## Problem details
Please give back, word for word, only the lines starting at the one containing "- Приклеить еще" and ending at the one containing "- 博物館・美術館・科学館へ" within the material below.
--- Data section ---
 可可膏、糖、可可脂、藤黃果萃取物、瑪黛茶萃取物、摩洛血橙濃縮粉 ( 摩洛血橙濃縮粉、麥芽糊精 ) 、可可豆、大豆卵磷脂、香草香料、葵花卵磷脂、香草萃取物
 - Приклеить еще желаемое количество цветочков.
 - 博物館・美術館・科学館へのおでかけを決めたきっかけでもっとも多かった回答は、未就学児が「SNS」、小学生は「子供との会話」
---
--- Data section ---
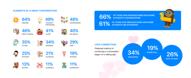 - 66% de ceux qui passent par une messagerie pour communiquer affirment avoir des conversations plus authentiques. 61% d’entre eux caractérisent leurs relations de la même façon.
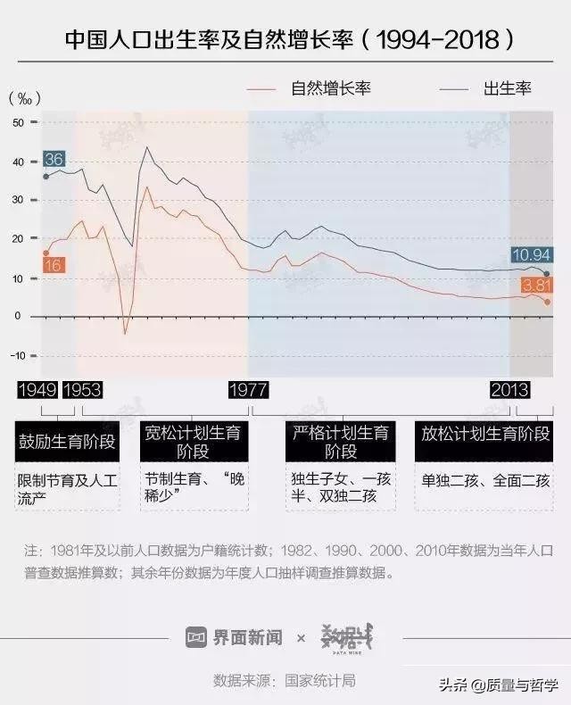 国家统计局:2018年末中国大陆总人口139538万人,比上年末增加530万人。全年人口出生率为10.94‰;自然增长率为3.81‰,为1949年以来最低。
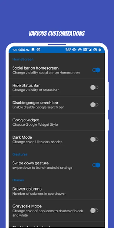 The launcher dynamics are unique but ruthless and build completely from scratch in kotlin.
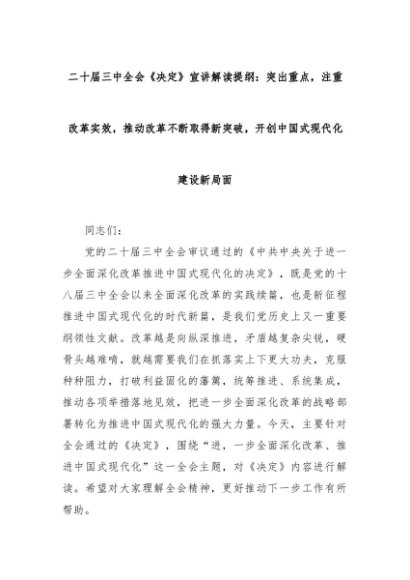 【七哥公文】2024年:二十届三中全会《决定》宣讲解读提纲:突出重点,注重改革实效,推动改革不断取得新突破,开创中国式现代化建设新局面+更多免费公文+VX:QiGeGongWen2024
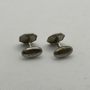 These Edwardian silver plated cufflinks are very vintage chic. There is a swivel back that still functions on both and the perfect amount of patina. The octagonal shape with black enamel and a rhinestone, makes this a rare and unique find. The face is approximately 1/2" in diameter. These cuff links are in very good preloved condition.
---
--- Data section ---
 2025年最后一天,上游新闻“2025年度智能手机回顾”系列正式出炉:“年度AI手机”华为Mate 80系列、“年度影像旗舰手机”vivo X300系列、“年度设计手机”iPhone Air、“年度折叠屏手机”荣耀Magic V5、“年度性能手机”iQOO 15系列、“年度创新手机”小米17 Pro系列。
---
## Exercise answer
 - Приклеить еще желаемое количество цветочков.
 - 博物館・美術館・科学館へのおでかけを決めたきっかけでもっとも多かった回答は、未就学児が「SNS」、小学生は「子供との会話」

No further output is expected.